Beyond transportation and mobility, the project showcases transferable skills highly relevant to industrial data science and economic analytics. It integrates experimental design, advanced econometrics, probabilistic modeling, heterogeneity analysis, and large-scale optimization-based estimation (via Python Biogeme and a tailored weighted maximum likelihood estimator). The ability to quantify trade-offs (time vs. cost), identify latent substitution structures, estimate willingness-to-pay, and model behavioral segmentation under uncertainty is directly applicable to pricing strategy, product design, market-entry analysis, demand forecasting, and policy evaluation in sectors such as energy, insurance, logistics, and digital platforms. The work reflects a capacity to translate complex behavioral data into structured decision-support models with clear economic interpretation and measurable strategic value.
This project investigates how women’s daily activity–travel behavior is shaped in a patriarchal developing-country context, using large-scale household travel survey data from three Iranian cities. Unlike conventional gender studies rooted in Western settings, this research explicitly models how marital status, employment status, household structure, and cultural constraints influence women’s joint decisions on daily activity patterns (DAP) and mode choice. The study addresses fundamental questions of gender equity, mobility access, and social participation, providing evidence-based insights for transportation policy, women-only transit services, safety planning, and activity-based demand modeling in societies where institutional and cultural norms significantly shape mobility freedom.
Methodologically, the study develops a joint two-level mixed nested Logit model, simultaneously estimating daily activity pattern choice and transportation mode choice. The lower layer models multimodal behavior (private car, taxi systems, bus, and combined access modes) with random parameters and error components to capture taste heterogeneity and inter-alternative correlation. The upper layer models nine empirically derived daily activity patterns, incorporating a logsum accessibility measure from the mode model to reflect behavioral interdependence. A jointly estimated common latent component captures household socio-economic influences (parental or spousal characteristics), enabling structural representation of marital and household constraints. The model is estimated using maximum simulated likelihood with scrambled Halton sequences, demonstrating strong statistical fit and robust behavioral interpretation. This framework positions the work at the frontier of discrete choice modeling, behavioral heterogeneity analysis, and activity-based transport modeling in complex socio-cultural environments.
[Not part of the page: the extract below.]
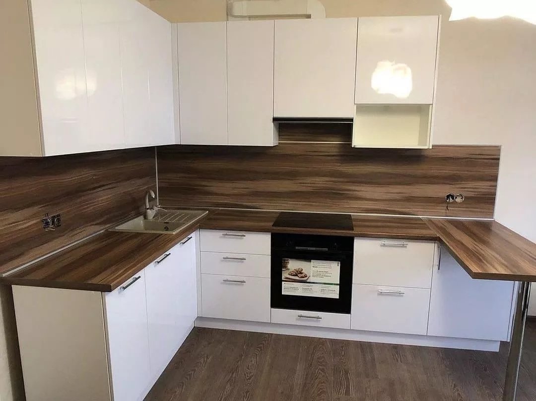 Кухонный гарнитур Угловой, ЛДСП, жемчуг, дуб
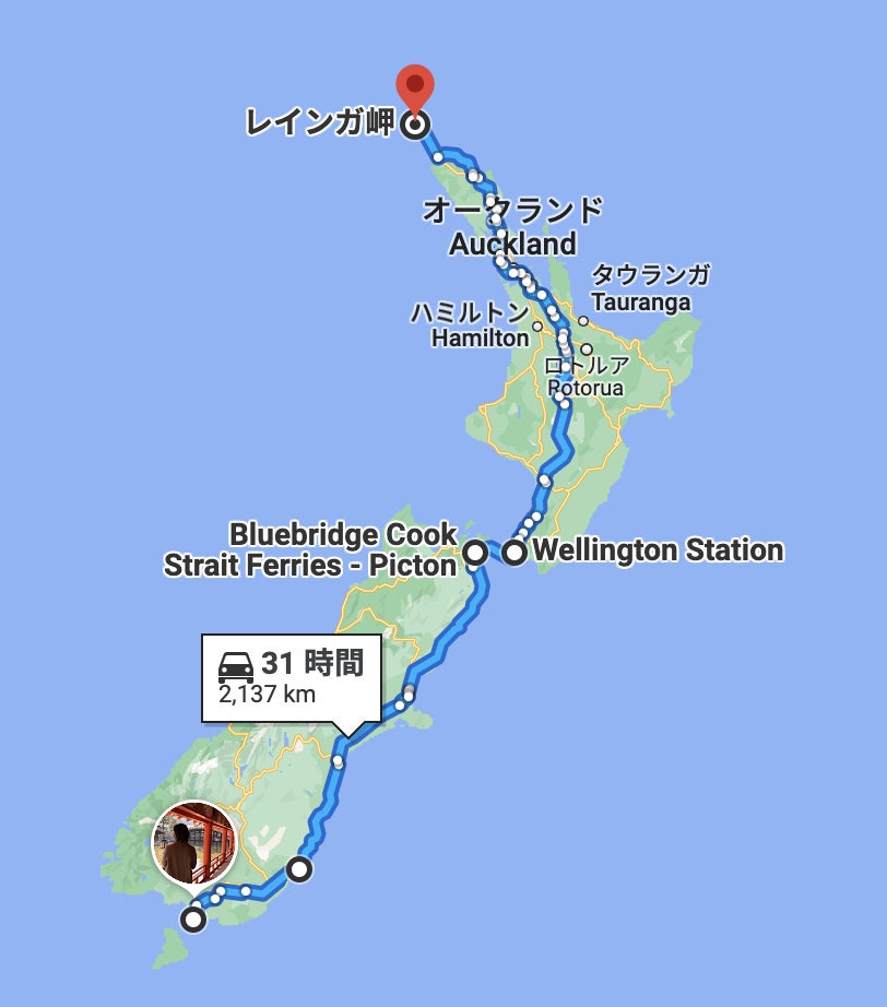 スタート地点は南島最南端の街「ブラフ」、ゴールは北島最北端「レインガ岬」

Substantively, the results show that employment and marital status are the two dominant determinants of women’s mobility structure. Employment significantly increases car usage and raises value of time, while marital status and childcare responsibilities strongly constrain activity combinations. Parental and spousal education levels reduce restrictive patterns, revealing the role of social capital in mobility freedom. Work shifts, occupation type, workplace location (CBD vs. non-CBD), and presence of a business trip further restructure daily activity chains. The findings demonstrate that women’s mobility in developing countries is not merely a mobility outcome but a socio-economic equilibrium shaped by household structure, labor participation, and institutional norms (Transportation Planning and Technology - 2018 & Transportation Research Board 98th Annual Meeting - 2019).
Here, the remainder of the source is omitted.